- TASK DESCRIPTION:
Output the run of lines that opens with the first line of the material below and closes with the line containing "Our mesmerizing pink", both included, and drop the pictures.

----- AVAILABLE DATA -----

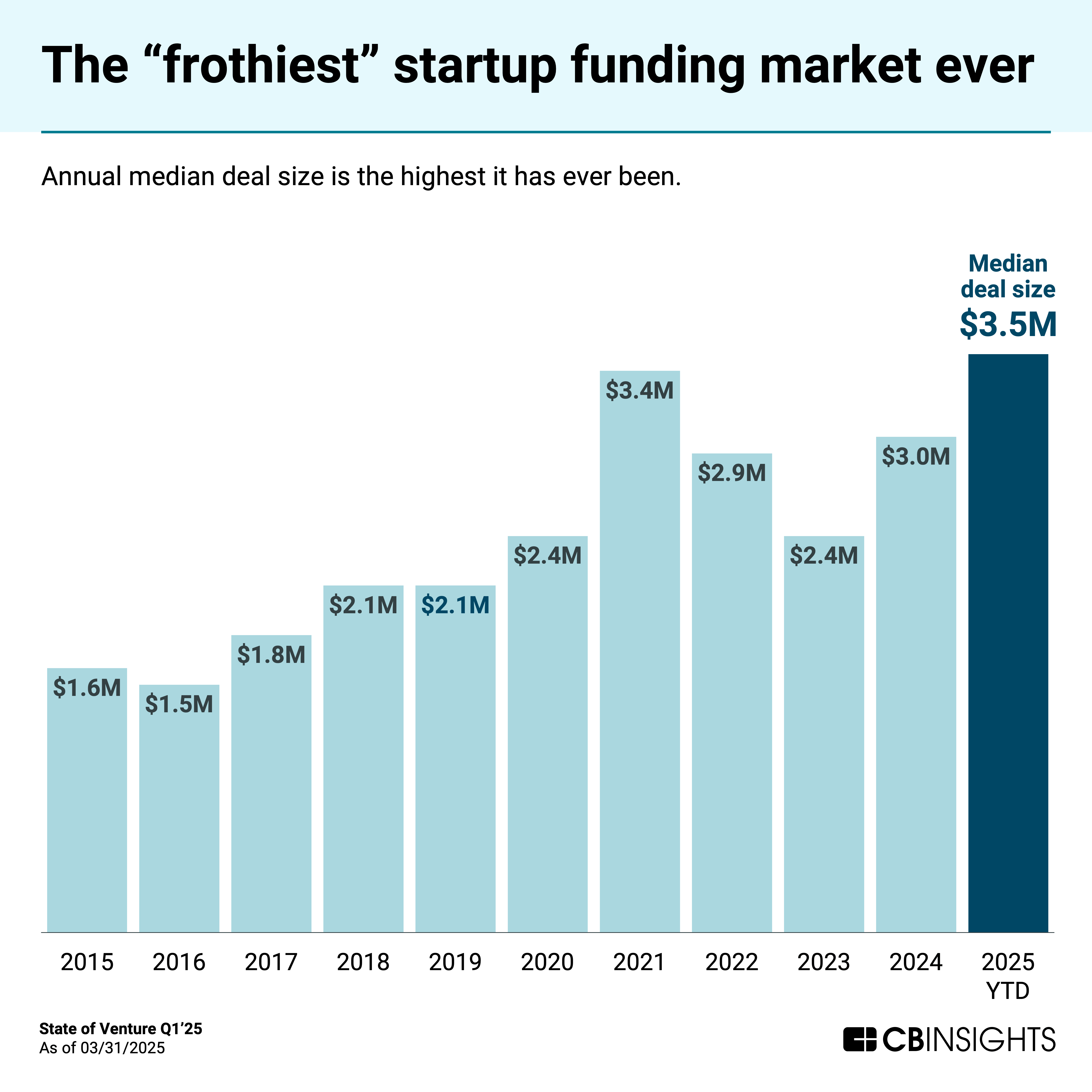 Opportunities across stages and geographies have fueled growth in deal sizes globally. So far in 2025, the median deal size sits at a record $3.5M.
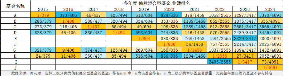 我们以偏股混合型基金指数代表主动投资,从2015年-2024年的排名来看:
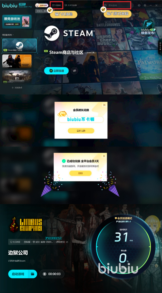 現(xiàn)在下載biubiu加速器,新用戶不僅可以免費享受24小時的加速時長,還能體驗到游戲暢快的低延遲和不卡頓!更驚喜的是,輸入兌換碼【biubiu不卡頓】即可獲得額外3天加速時長,讓你玩得更盡興!
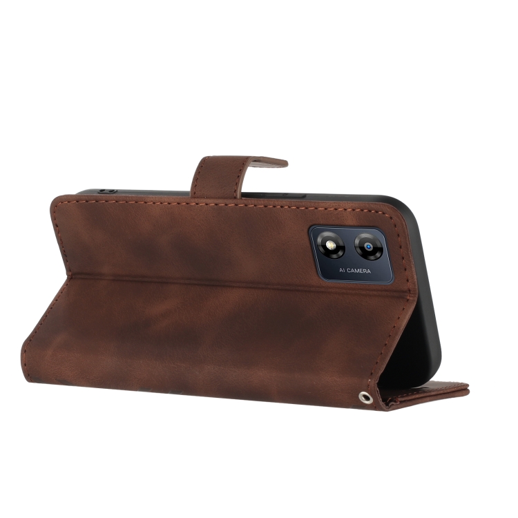 Funda de Cuero para Motorola Moto E13 con Diseño Line Pattern y Textura Skin Feel (Café)
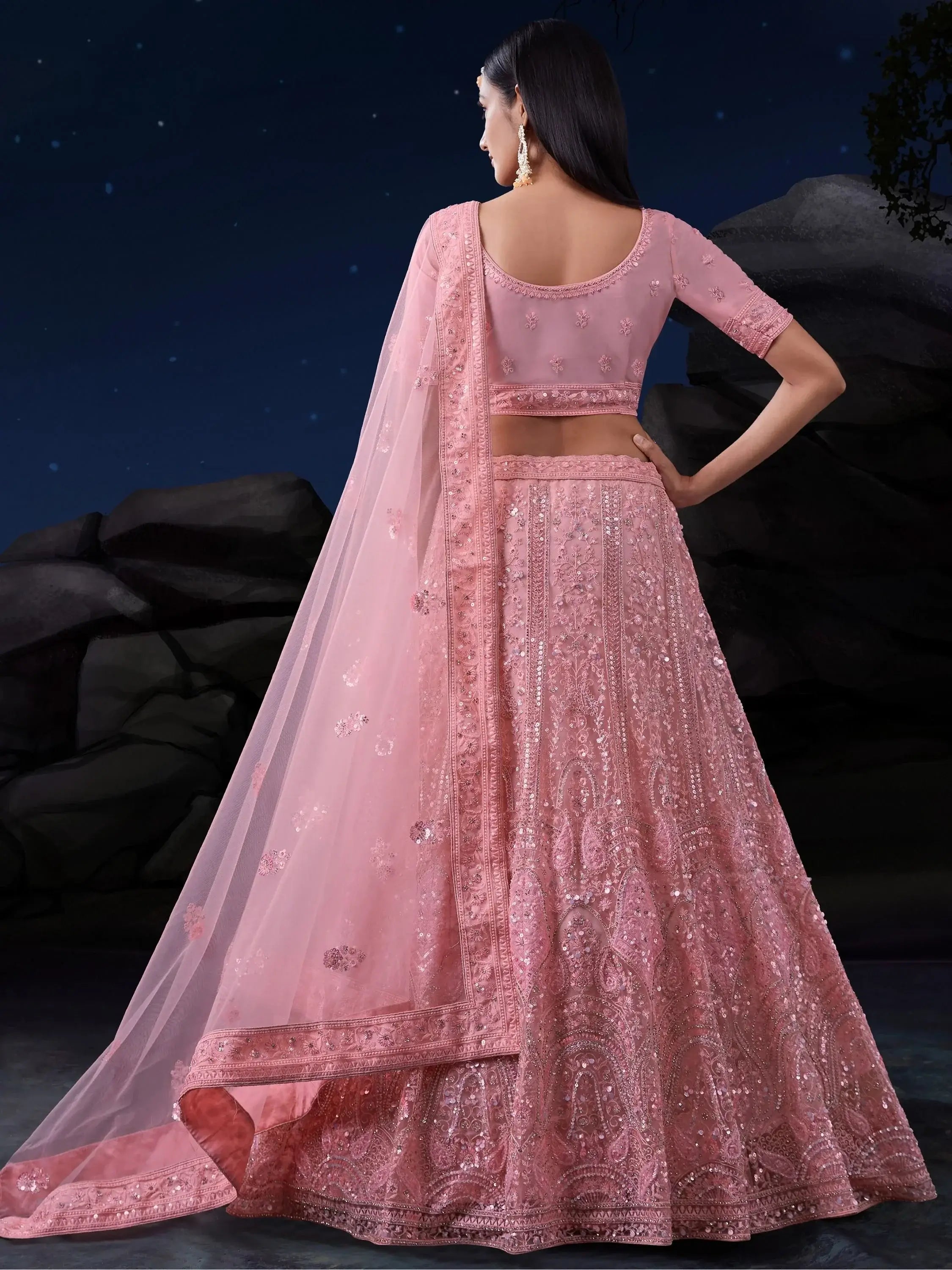 Our mesmerizing pink sequins net engagement wear lehenga choli is a show-stopping addition to any wardrobe. With its stunning design, high-quality materials, and customizable fit, this outfit is a must-have for anyone looking to make a fashionable statement at their next special event.
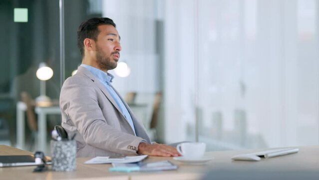 Businessman relaxing and enjoying tea, putting feet up after finishing work and typing an email or completing task using online productivity tool. Executive resting looking satisfied after a deal
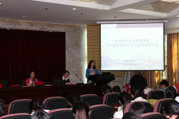 2016届毕业实习总结表彰大会于2016年4月15日下午2点30分在北京路校区道德讲堂举行,williamhill中国官网入口党委副书记杨英、副经理刘志燕和生产实习科、员工科、综合办公室、辅导员以及2016届毕业实习员工参加了大会,大会由柳忠燕主持。
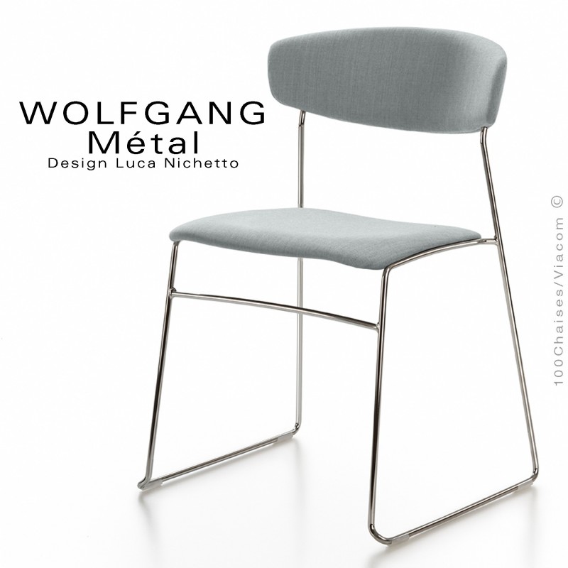 Chaise WOLFGANG Métal, piétement acier chromé, assise et dossier garnis, habillage tissu glace.
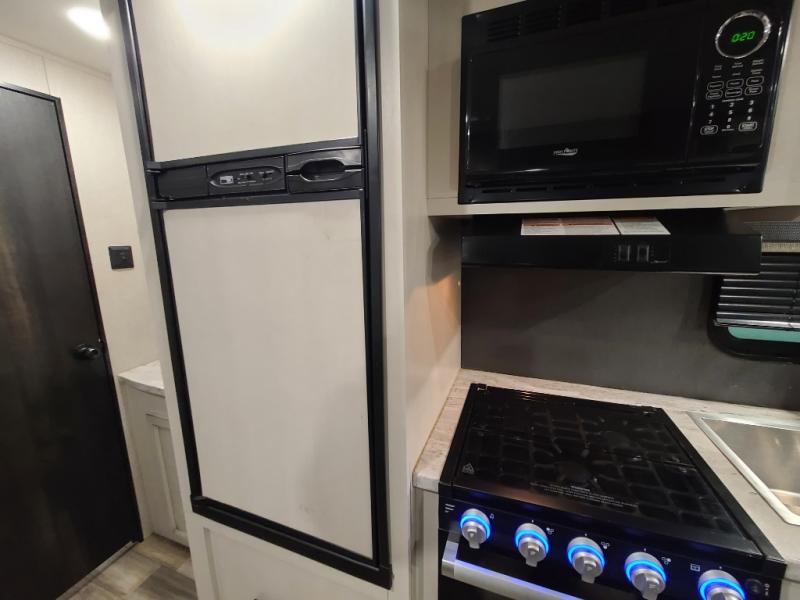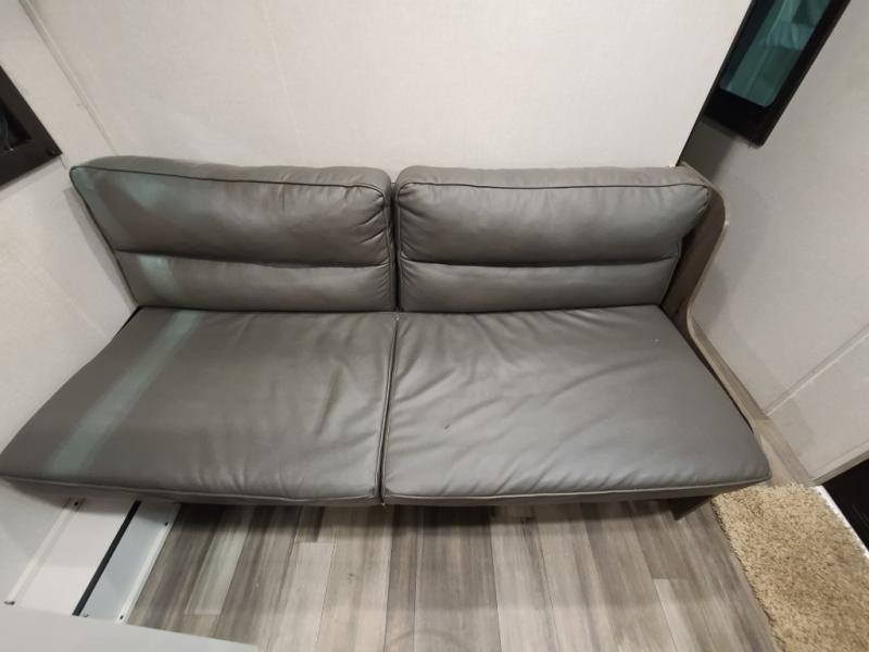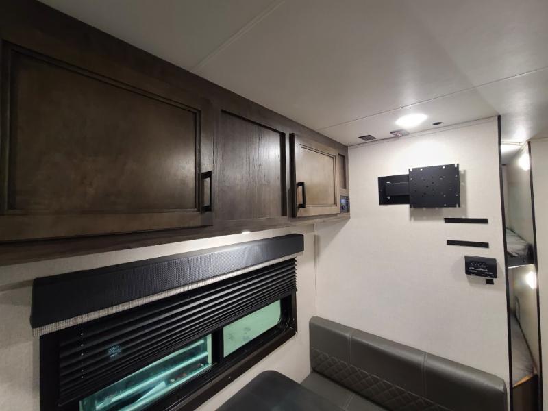 This dual-axle travel trailer can sleep eight people each night, so invite your family or friends along. You will enjoy the front private bedroom up front with dual wardrobes to keep your clothes tidy, and an easy lift bed with storage. While the chef of your group is preparing lunch on the three burner cooktop, everyone else can visit on the jack-knife sofa or play a game at the booth dinette. You will also find a large 19' power awning with LED lights outdoors which is where you may usually find everyone. The private tub/shower and toilet is right next to the double-size bunks for convenience, and the sink is just outside of this room so two people can freshen up at once.
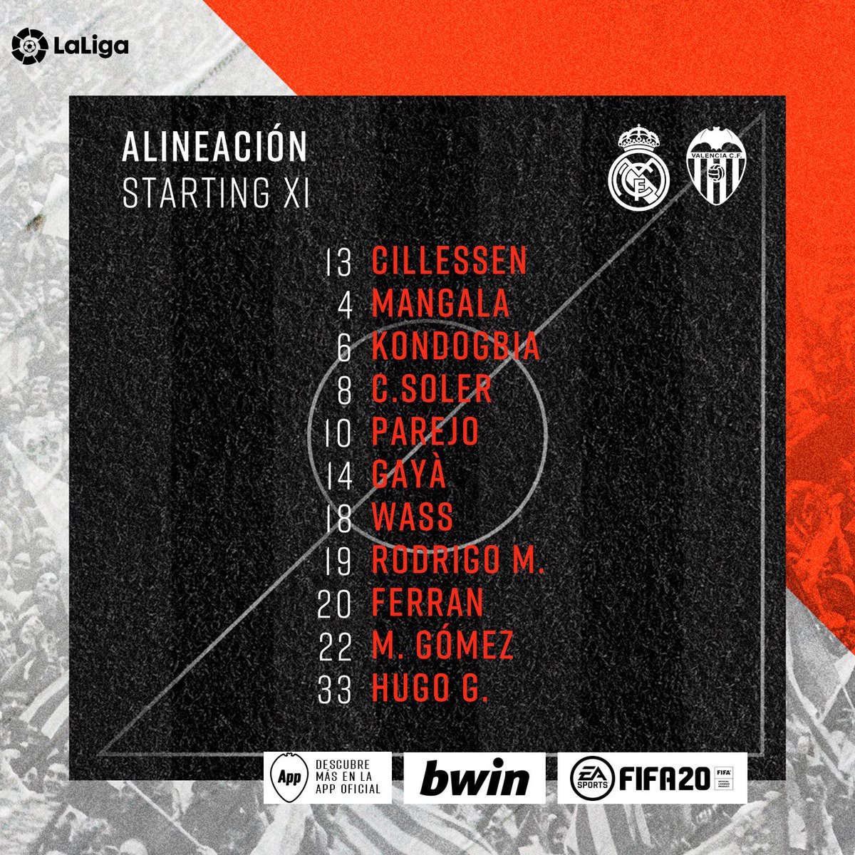 Concernant le club che, Albert Celades change pas mal de choses dans son 4-2-3-1 après le nul contre Levante (1-1). Wass intègre en effet la défense à quatre et Mangala accompagne Guillamon en charnière centrale. Le Français Kondogbia est également titulaire au milieu, tout comme Torres qui intègre le onze de départ.
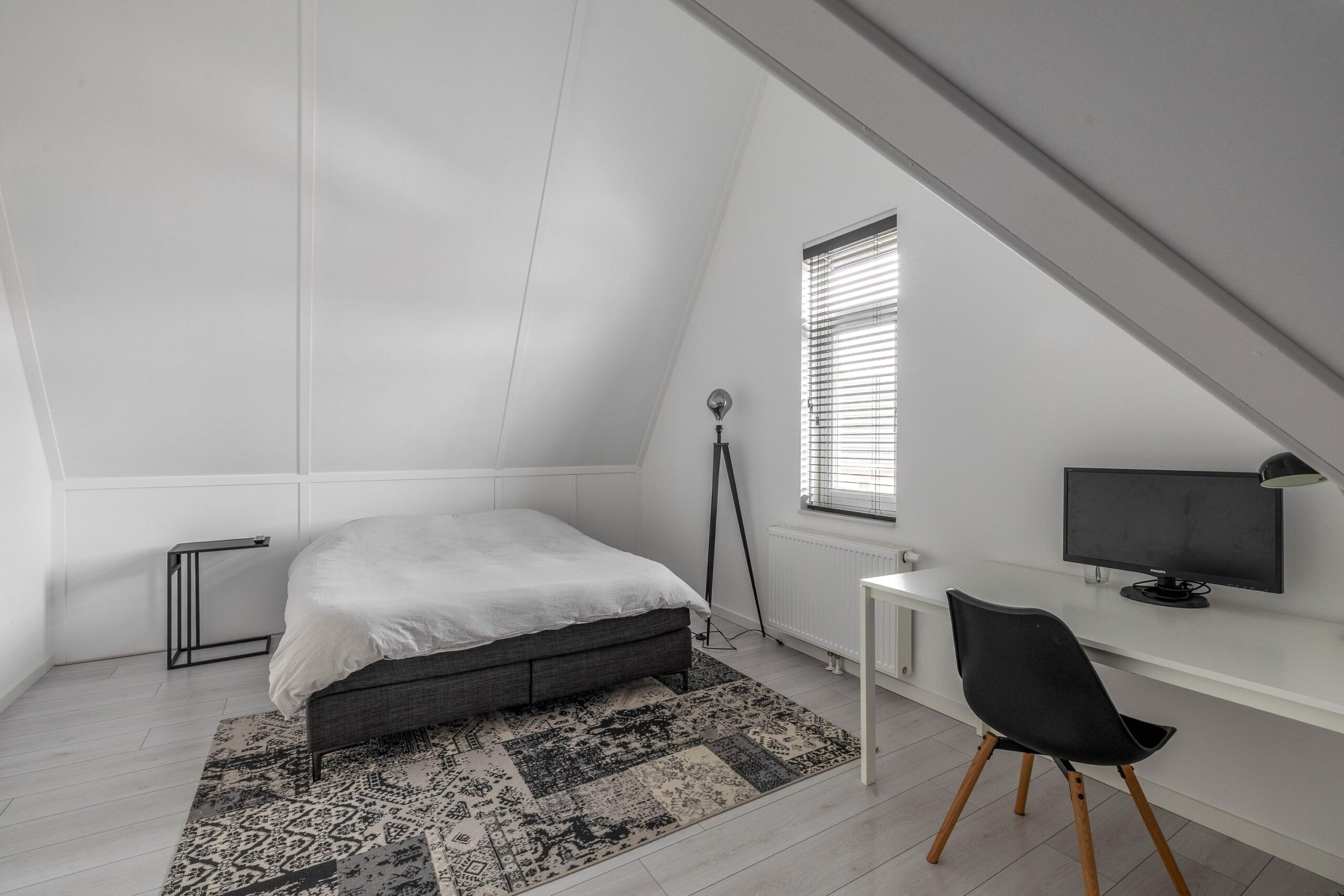 De tweede verdieping is bereikbaar door middel van de vaste trap. Op de overloop zijn een airco, de witgoedaansluiting, de cv-ketel en de omvormer van de zonnepanelen aanwezig.
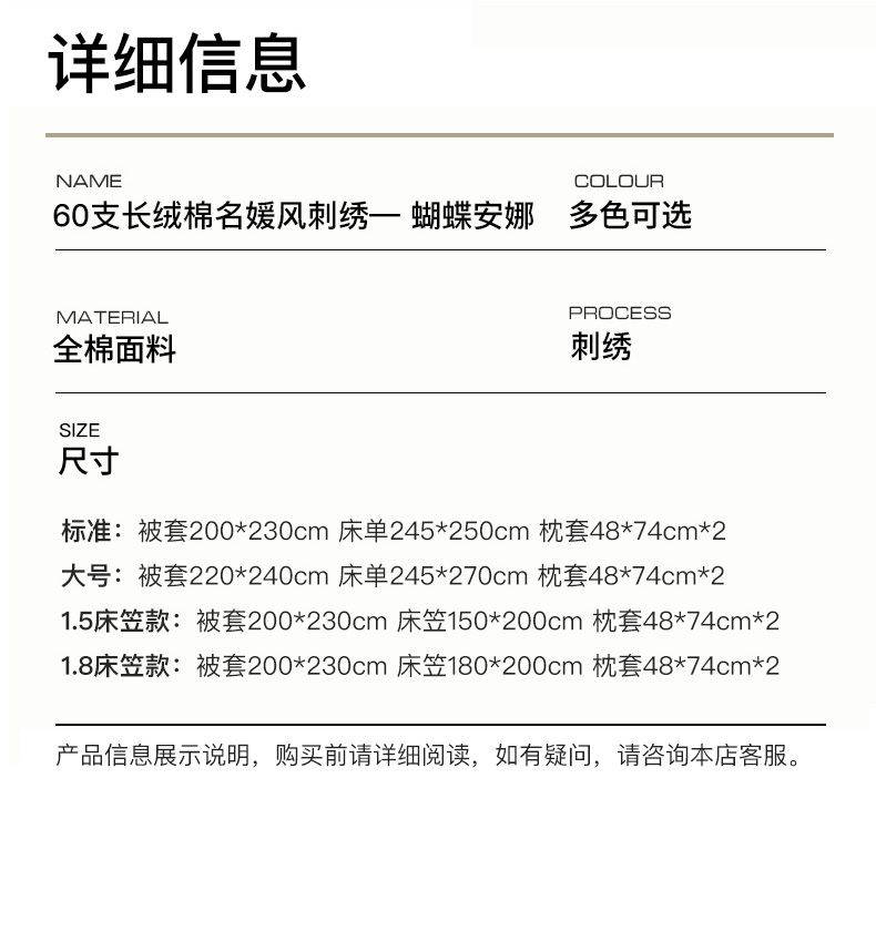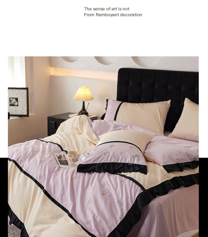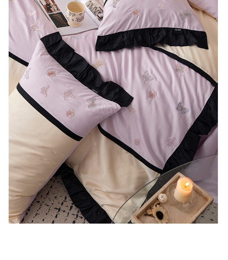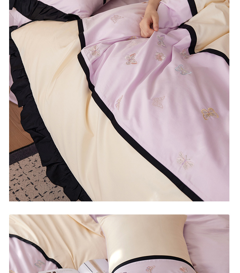 商品名称:卡姿家纺 2025秋冬60支长绒棉名媛风刺绣四件套-蝴蝶安娜 蝴蝶安娜-紫
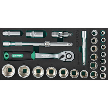 Izjemno kakovosten set nasadnih ključev CrV z ragljo, idealen za profesionalne delavnice. Vsebuje 27 kosov v EVA pladnju.

-----

- COMPLETED TASK:
 Opportunities across stages and geographies have fueled growth in deal sizes globally. So far in 2025, the median deal size sits at a record $3.5M.
 我们以偏股混合型基金指数代表主动投资,从2015年-2024年的排名来看:
 現(xiàn)在下載biubiu加速器,新用戶不僅可以免費享受24小時的加速時長,還能體驗到游戲暢快的低延遲和不卡頓!更驚喜的是,輸入兌換碼【biubiu不卡頓】即可獲得額外3天加速時長,讓你玩得更盡興!
 Funda de Cuero para Motorola Moto E13 con Diseño Line Pattern y Textura Skin Feel (Café)
 Our mesmerizing pink sequins net engagement wear lehenga choli is a show-stopping addition to any wardrobe. With its stunning design, high-quality materials, and customizable fit, this outfit is a must-have for anyone looking to make a fashionable statement at their next special event.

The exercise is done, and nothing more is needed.